Sodium hyaluronate (Hyaluronic acid)
Sodium hyaluronate, or hyaluronic acid (HA), is considered a longevity compound due to its diverse biological effects. High molecular weight HA contributes to cancer resistance and longevity in naked mole rats, extending their lifespan to 32 years compared to 4 years in mice (Fisher, 2015). Transgenic mice overexpressing naked mole rat HAS2 showed lower cancer incidence, extended lifespan, and improved healthspan (Zhang et al., 2022). In C. elegans, sodium hyaluronate treatment increased lifespan by 0.27-fold and improved antioxidant enzyme activity (Lin et al., 2023). HA demonstrates anti-aging properties in skin rejuvenation, improving hydration, collagen stimulation, and reducing wrinkles (Bukhari et al., 2018). Its safety profile in cosmetic applications has been well-established (Becker et al., 2009). The molecular weight of HA is crucial, with high molecular weight HA associated with protective effects and longevity (Bohaumilitzky et al., 2017; Tian et al., 2013).
 
Vitamin K1
Vitamin K, particularly K2, is emerging as a potential longevity compound due to its diverse roles beyond blood coagulation. It acts as a cofactor for γ-glutamyl carboxylase, activating proteins involved in calcium homeostasis, bone mineralization, and vascular health (Azuma & Inoue, 2019; Mahajan & Katoch, 2022). Vitamin K has shown promise in preventing age-related diseases such as osteoporosis, cardiovascular disease, and cognitive decline (Popa et al., 2021). It also exhibits anti-inflammatory and antioxidant properties (Harshman & Shea, 2016; Simes et al., 2020).
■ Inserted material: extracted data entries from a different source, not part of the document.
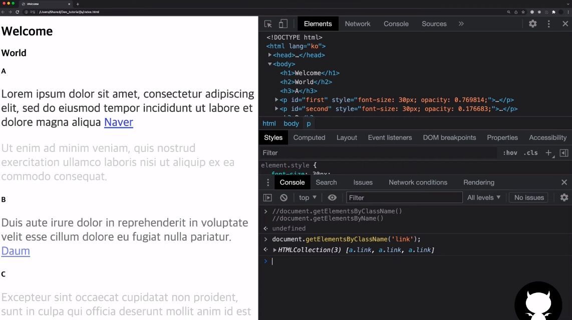 -getElements๋ฅผ ์ด์ฉํ๋ฉด ClassName์ด๋ ByName์ผ๋ก node์ ์ ๊ทผํ ์ ์๋ค.
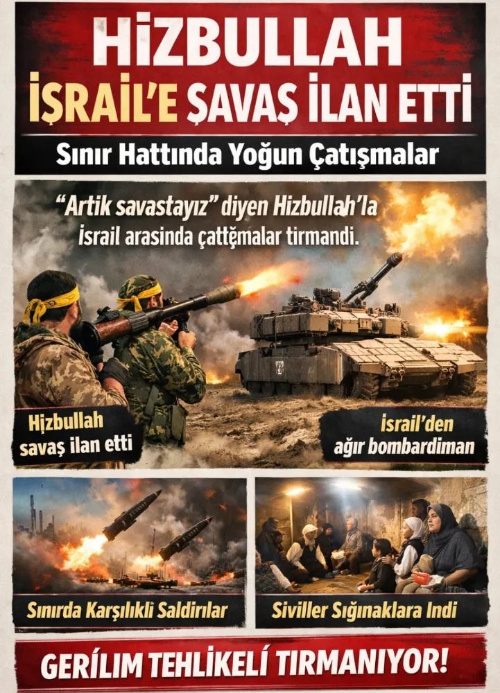 Lübnan merkezli silahlı yapı Hizbullah, yaptığı yazılı ve görüntülü açıklamada İsrail’e karşı resmen savaş başlattıklarını duyurdu. Açıklamada, “Artık savaştayız” ifadeleri kullanılırken, İsrail hedeflerine yönelik saldırıların artarak süreceği belirtildi.
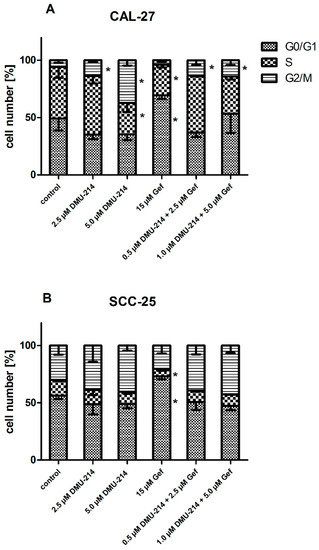 Flow cytometry analysis demonstrated that CAL-27 cells were arrested in the G2/M phase with both concentrations of DMU-214 applied alone and in combinations with Gef (Figure 4A). Treatment with DMU-214 (5 μM) also resulted in a decreased CAL-27 cell number in S phase as compared to the untreated controls. The exposure of CAL-27 and SCC-25 cell lines to Gef (15 μM) caused a cell cycle arrest at G0/G1 phase, while the number of cells in the S phase was decreased (Figure 4A,B).
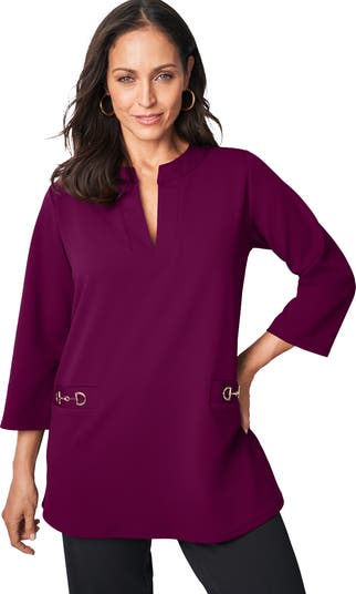 - Give your workweek wardrobe a chic refresh with this split neck tunic. The A-line silhouette is crafted to flatter your figure, and the gold metal horse bit trim at the pockets adds a touch of sparkle. A-line silhouetteSplit neckline Three-quarter sleevesGold metal horse bit trim at pockets30&rdquo lengthPolyester/spandexMachine washableImported
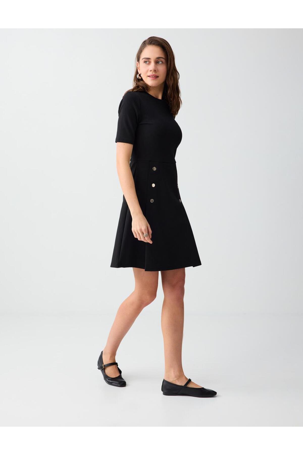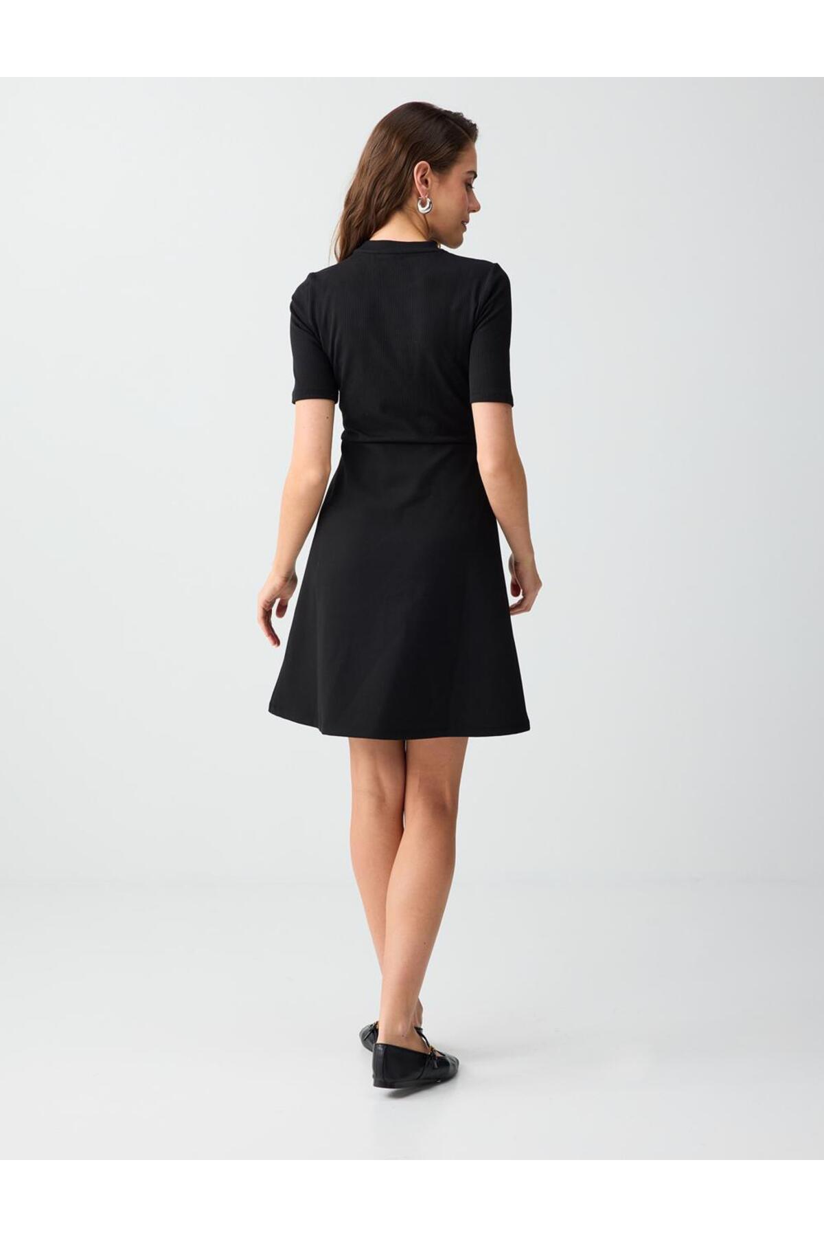 Jimmy Key Black Slim Fit Crew Neck Short Sleeve Knitted Mini Dress | ByTR
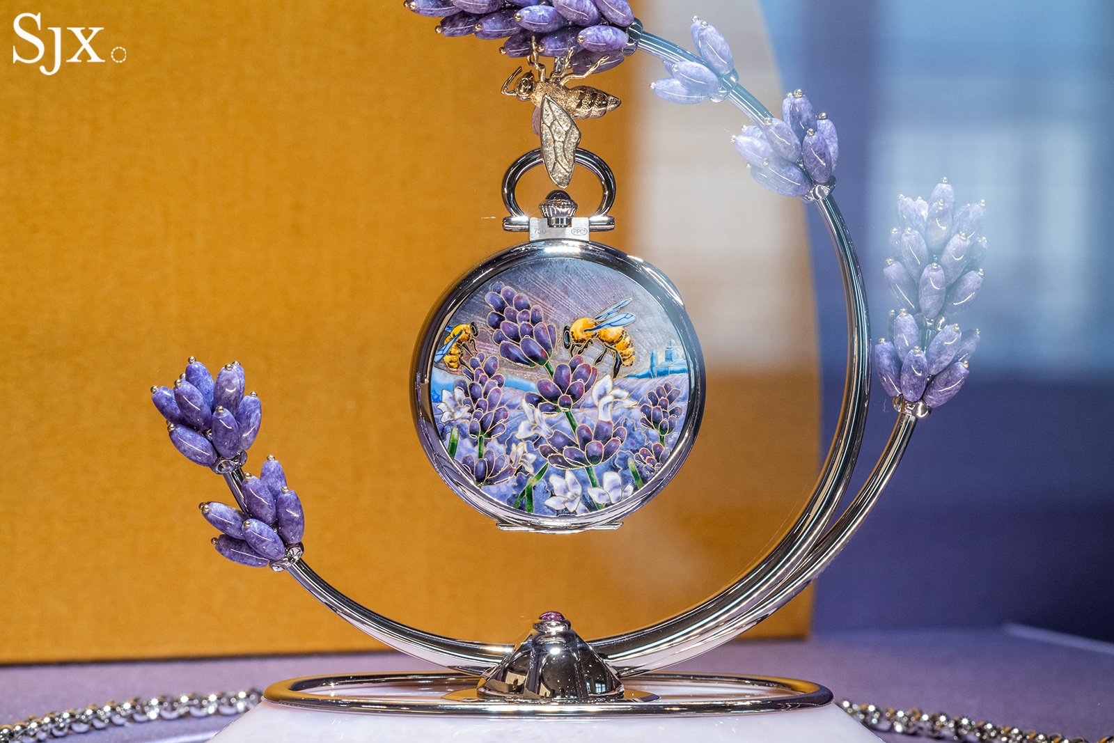 This year’s assortment of pocket watches felt lighter than usual, despite some standouts like the Pocket Watch ref. 992/183G-001 “Provence”, which depicts the region’s iconic lavender fields and the honeybees that pollinate them. The dial is decorated with a radial guilloche pattern and enamelled lavender whorls.
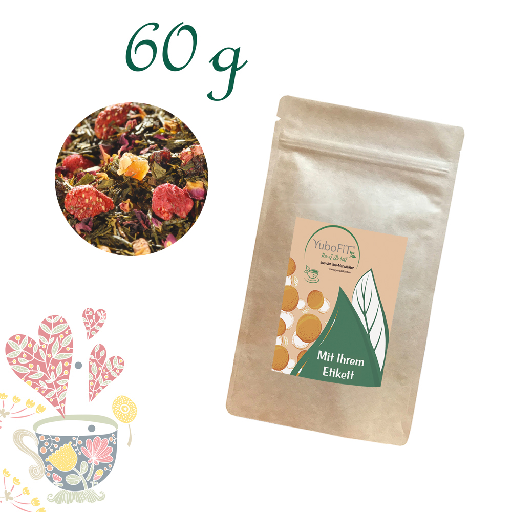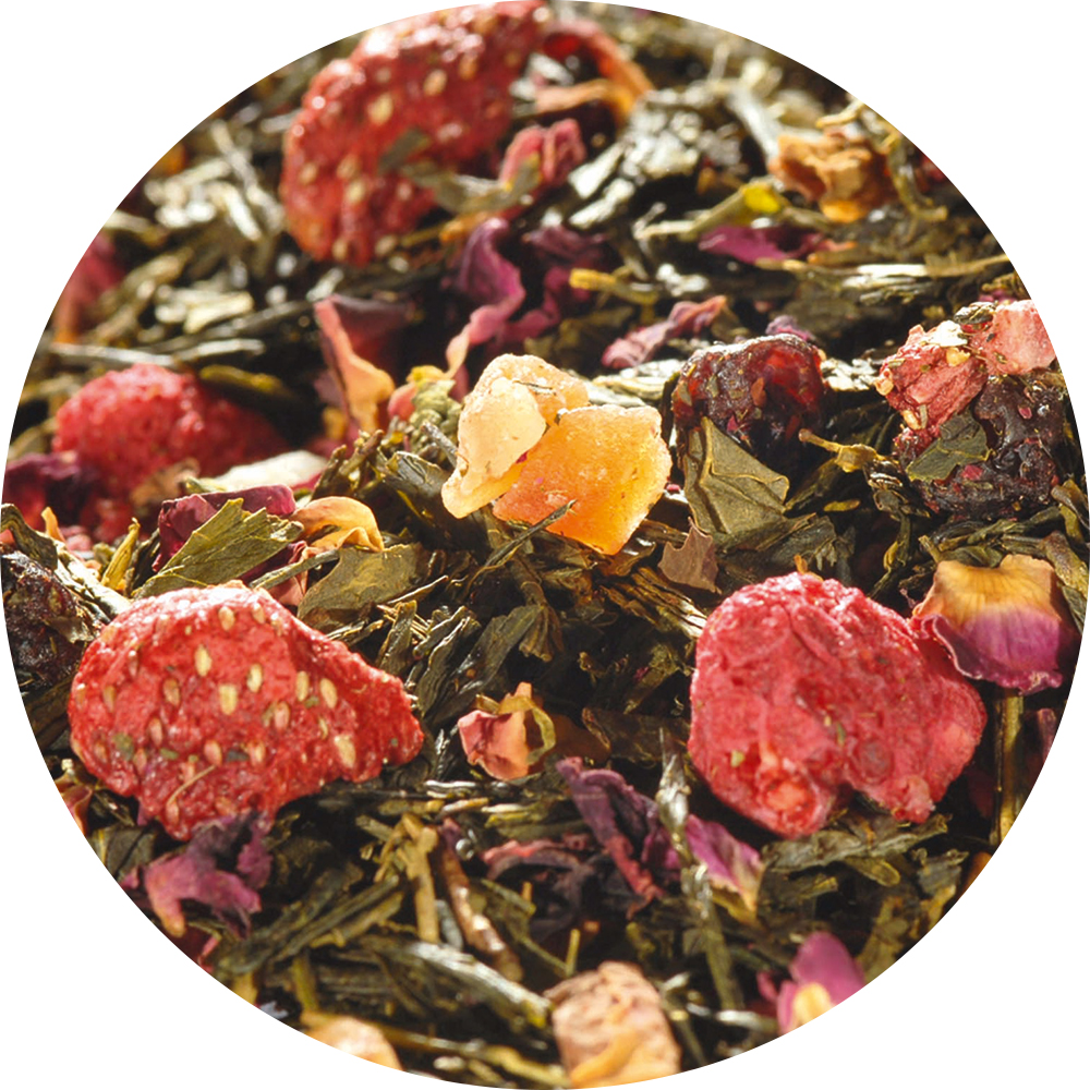 Grüner Tee (72%), Korinthen, Aroma, Rosenblütenblätter, Ananasstücke (Ananas, Zucker, Säuerungsmittel: Zitronensäure), Papayastücke (Papaya, Zucker), Erdbeerstücke, Himbeeren (2%), natürliches Aroma.
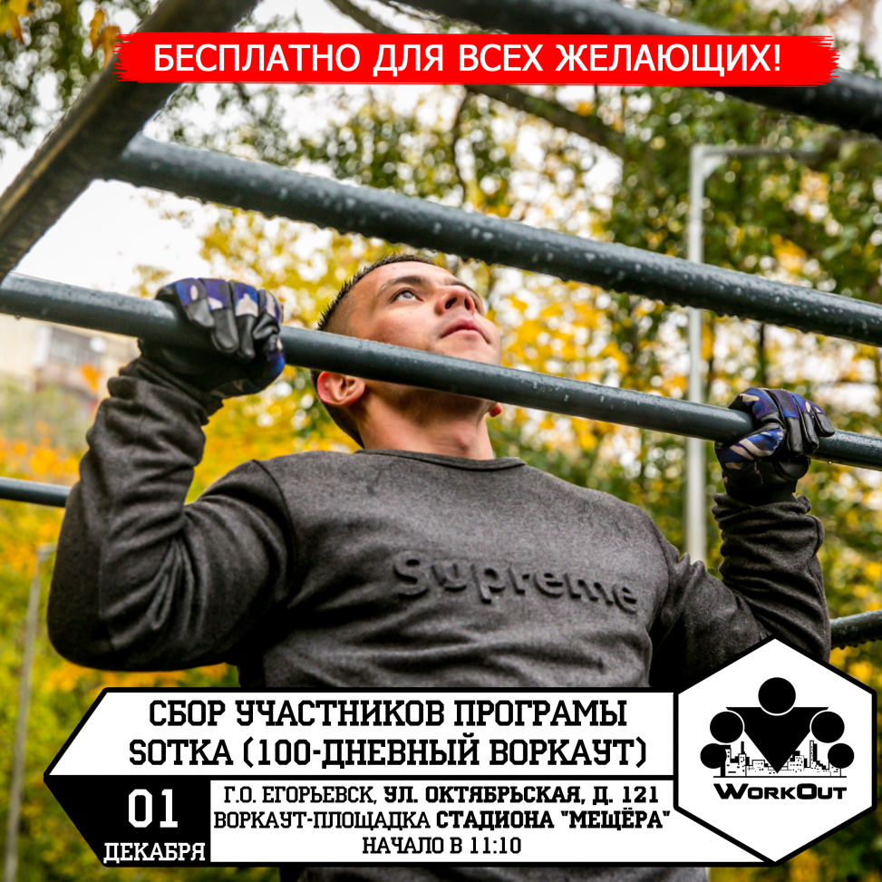 <url="https://100.workout.su/">SOTKA (100-дневный воркаут)</url> (присоединиться можно любому желающему, в любое время, вне зависимости от пола и независимо от уровня подготовки
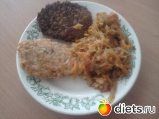 Ужин: Тушеная капуста, 1 оладушек кабачково-гречневый, котлетка из куриной грудки и риса.
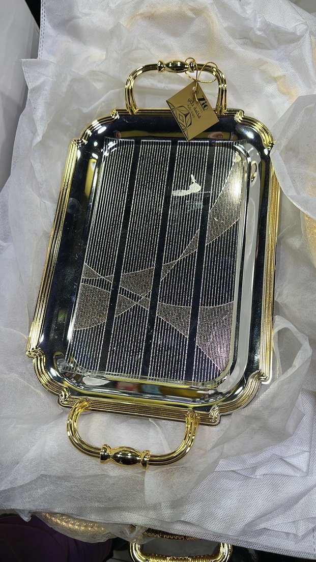 Parlak altın renkli, kulplu bir servis tepsisi. Dokulu ve desenli yüzeyiyle şık bir görünüm sunar. ️Üç Adettir küçük orta ve büyük
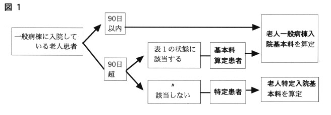 老人患者が一般病棟に90日を超えて入院しても、患者が表1に示した状態にあれば、特定患者にはならず基本料算定患者となり、入院料のダウンも小さく、投薬、注射などのマルメもなくて済む。昨年度までの場合でも同様に、患者が表2の状態なら特定長期入院患者とはならなかったのであるが、表1を表2と比べてみると、随分とその定める“状態”が増えているのが分かる。このあたりが「老人追い出し」批判への対応として読みとれる。
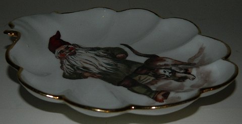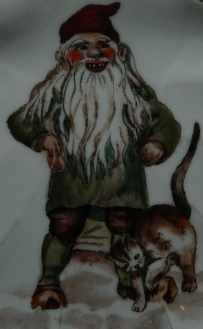 Dish in porcelain by Bing & Grondahl. Made in the late 19th century. Painted in overglaze with gnom and cat. In perfect condition. Factory mark in blue on the backside. 3 cm high, 17½ cm long and 16 cm wide.
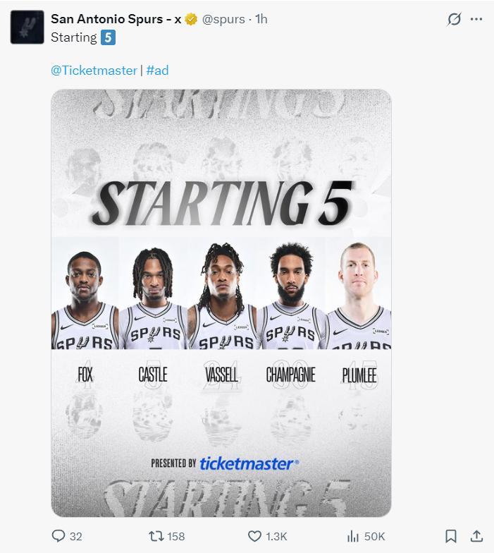 馬刺:福克斯24分6籃板,卡斯爾10分9助攻11籃板,瓦塞爾19分,凱爾登18分6籃板,卡布13分5籃板5助攻,巴恩斯12分。

While both K1 and K2 are beneficial, K2 (especially MK-7) demonstrates superior absorption, tissue distribution, and bioavailability (Halder et al., 2019). K2 has been associated with regulating osteoporosis, atherosclerosis, cancer, and inflammatory diseases without adverse effects (Halder et al., 2019). However, more research is needed to establish definitive effect sizes and recommend specific dietary intakes for K2 (Mladěnka et al., 2021; Akbulut et al., 2020).
 
Manganese (as Manganese Citrate)
Manganese (Mn) is an essential metal that plays a crucial role in antioxidant defense mechanisms and longevity. Studies have shown that Mn-superoxide dismutase (MnSOD) gene variants are associated with increased longevity and decreased mortality in the oldest old (Soerensen et al., 2009). Low-dose Mn supplementation has demonstrated protective effects against oxidative stress and neurodegeneration in animal models (Sziráki et al., 1995; Bonilla et al., 2012). In human fibroblasts, Mn supplementation increases SOD2 activity and reduces superoxide anion generation in senescent cells (Ghneim, 2016). However, excessive Mn exposure can lead to neurotoxicity and oxidative damage (Parmalee & Aschner, 2016; Michalke, 2016). The antioxidant L-cysteine has shown potential in mitigating Mn-induced oxidative stress (Liapi et al., 2008). Interestingly, MnSOD may regulate longevity not solely through its antioxidant function but also by modulating physiological redox signaling (Honda et al., 2010).